Nés en 1960, ce sont des amis d’enfance qui se sont perdus de vue depuis des lustres. S’étant enfin retrouvés, ils décident de partir tout seuls, dans la vieille guimbarde de Florian, pour la Normandie et alentours. Une escapade, histoire de renouer les liens, de se raconter leurs vies en écoutant en boucle les standards de Sinatra.
Chacun a fait la sienne, plutôt réussie, d’un point de vue extérieur. Pierre est DG dans une boîte de recyclage de déchets, il est marié à Béatrice, médecin, ils ont deux enfants. Il a saisi le prétexte de rendez-vous professionnels pour prendre sa semaine, gérée depuis Paris par Sylvie, son assistante. Une fille assez exceptionnelle, semble-t-il. Florian, lui, après une jeunesse rock’n’roll, est devenu un photographe de mode réputé. Il a toujours noué des relations avec des top-modèles, sans en épouser aucune.

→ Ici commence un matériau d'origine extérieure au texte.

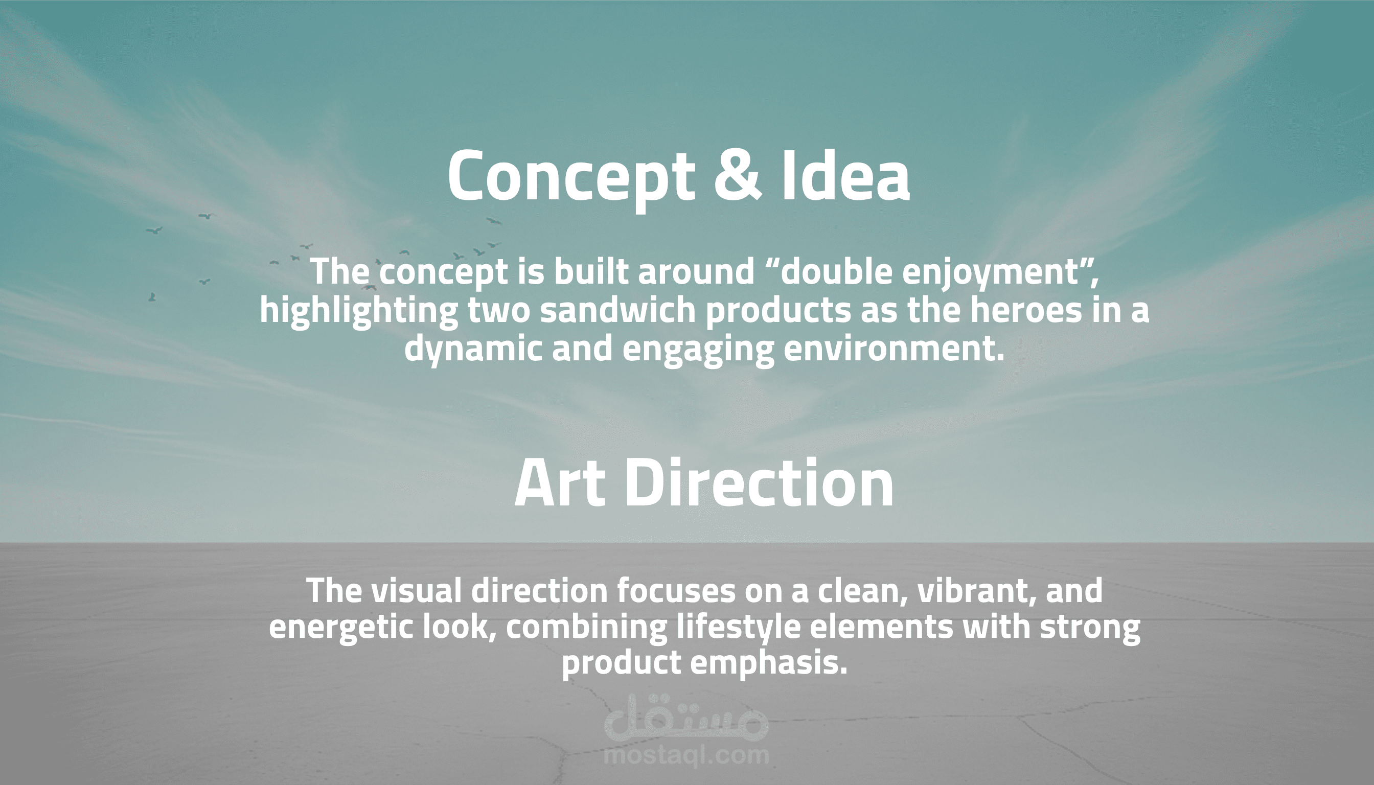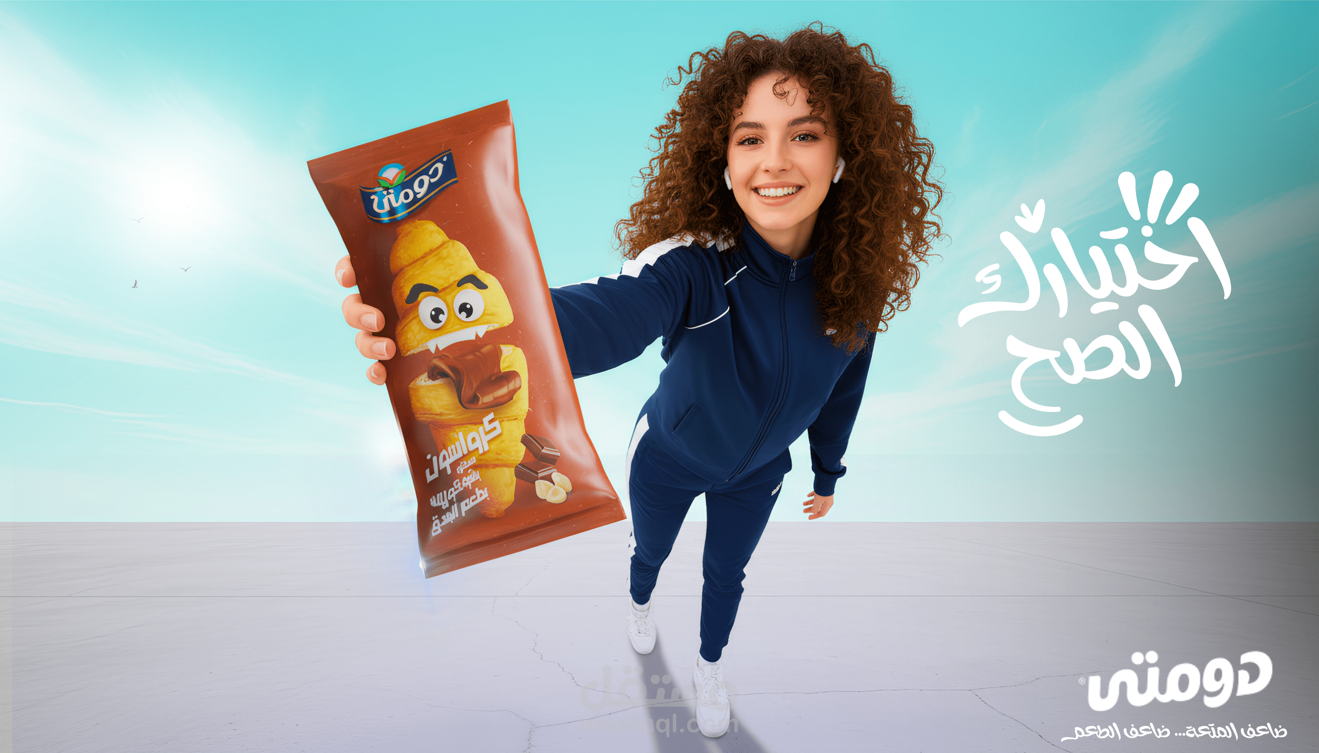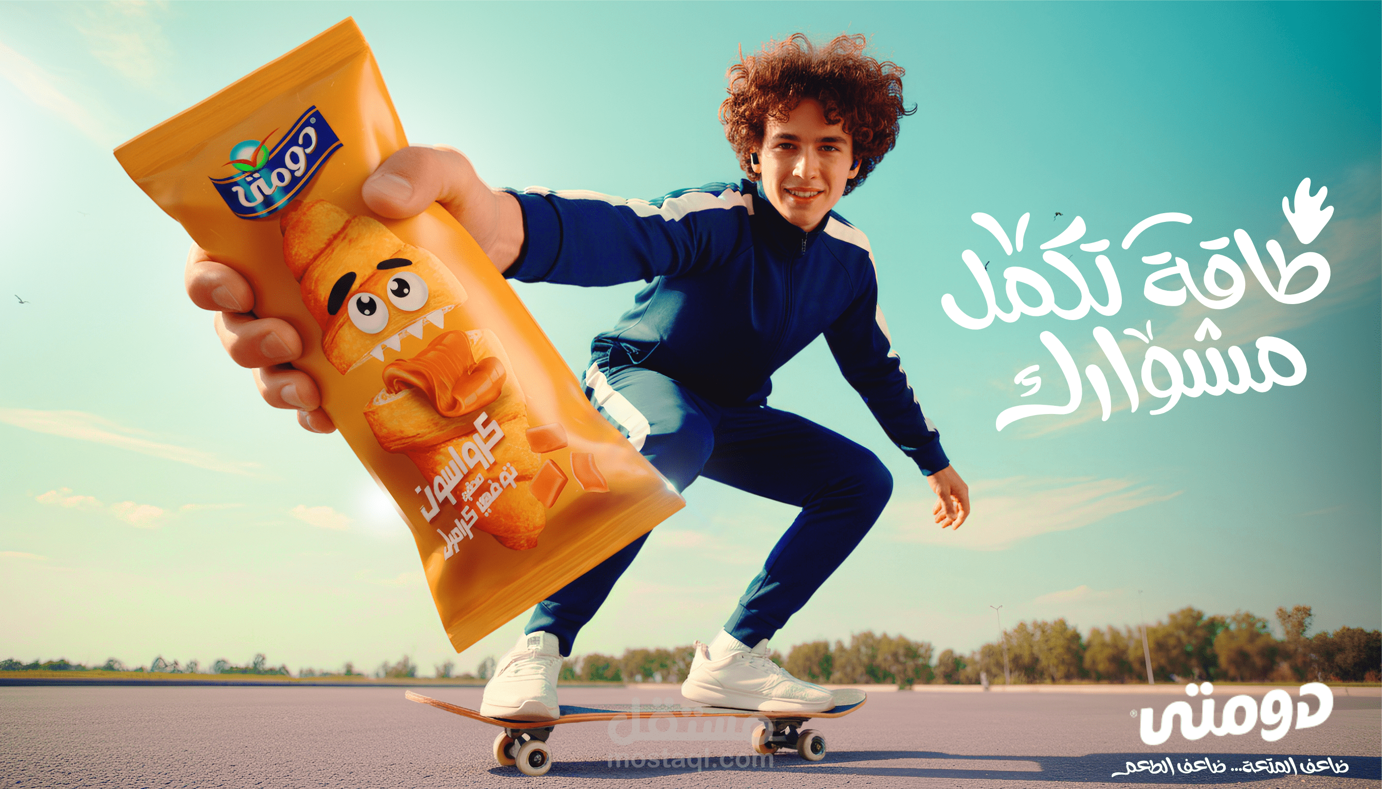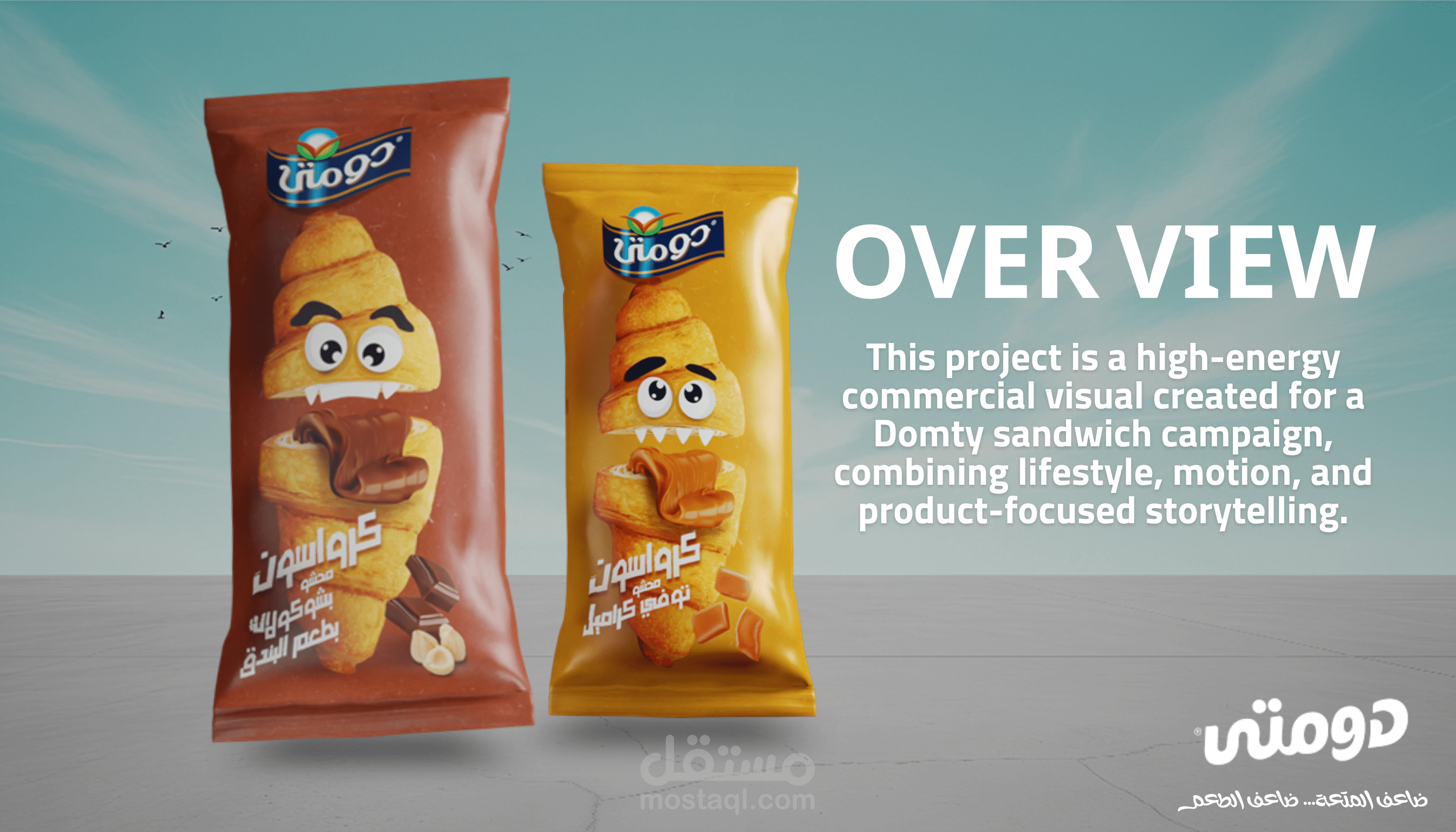 This project is a high-energy commercial visual created for a Domty sandwich campaign, combining lifestyle, motion, and product-focused storytelling. The concept revolves around amplifying the idea of “double enjoyment” by featuring two oversized sandwich products as the hero elements, placed in a dynamic composition with youthful characters. The scene captures a vibrant moment where movement, perspective, and scale work together to highlight the product in an engaging and modern way. A high-angle perspective was used to create depth and a strong three-dimensional feel, while foreshortening enhances the dominance of the product within the frame. The characters add a sense of lifestyle and relatability, reinforcing the brand’s connection to energy, youth, and everyday activity. The visual style is clean and minimal, with a gradient sky background, natural lighting, and subtle environmental elements such as trees and birds to maintain realism while keeping the focus on the product

A la faveur d’une panne de voiture, les deux compères font la connaissance de la comtesse Emiliana di Castelcampo, une vieille dame un peu baba cool, qui les héberge dans son château déglingué, où elle vit avec son mari, Léo, spécialiste de poésie mystique, et s’occupe de son arche de Noé, lequel compte même un éléphant. Dans cette atmosphère harmonieuse, cette famille d’adoption, Pierre et Florian vont commencer à réfléchir sérieusement sur eux-mêmes, leurs parcours, et finir par se demander s’ils sont vraiment heureux, s’ils n’ont pas raté d’autres personnes, d’autres chances, plus conformes à leurs rêves d’adolescence.
C’est alors que, par la grâce du romancier et l’intervention d’Elie, un chien doué d’une belle intuition, une certaine Sarah, tenancière d’une maison d’hôtes en baie de Somme (Aux anges), va faire irruption dans le cœur de Florian, tandis que Pierre s’aperçoit que la vraie femme de sa vie est tout près de lui, à son bureau, qu’il la coudoie chaque jour depuis des années sans lui avoir prêté toute l’attention que pourtant elle mérite. Happy end, forcément.
"Il n’y a pas de détours", dit à un moment l’un des garçons. N’empêche, les voies de la destinée sont souvent impénétrables. Il suffit, pour que tout se mette à sa vraie place, qu’un romancier aussi facétieux que talentueux, tendre et sensible, s’en mêle, avec cet art de la fugue qui n’appartient qu’à lui. Du coup, c’est le lecteur, lui, qui est Aux anges. J.-C. P.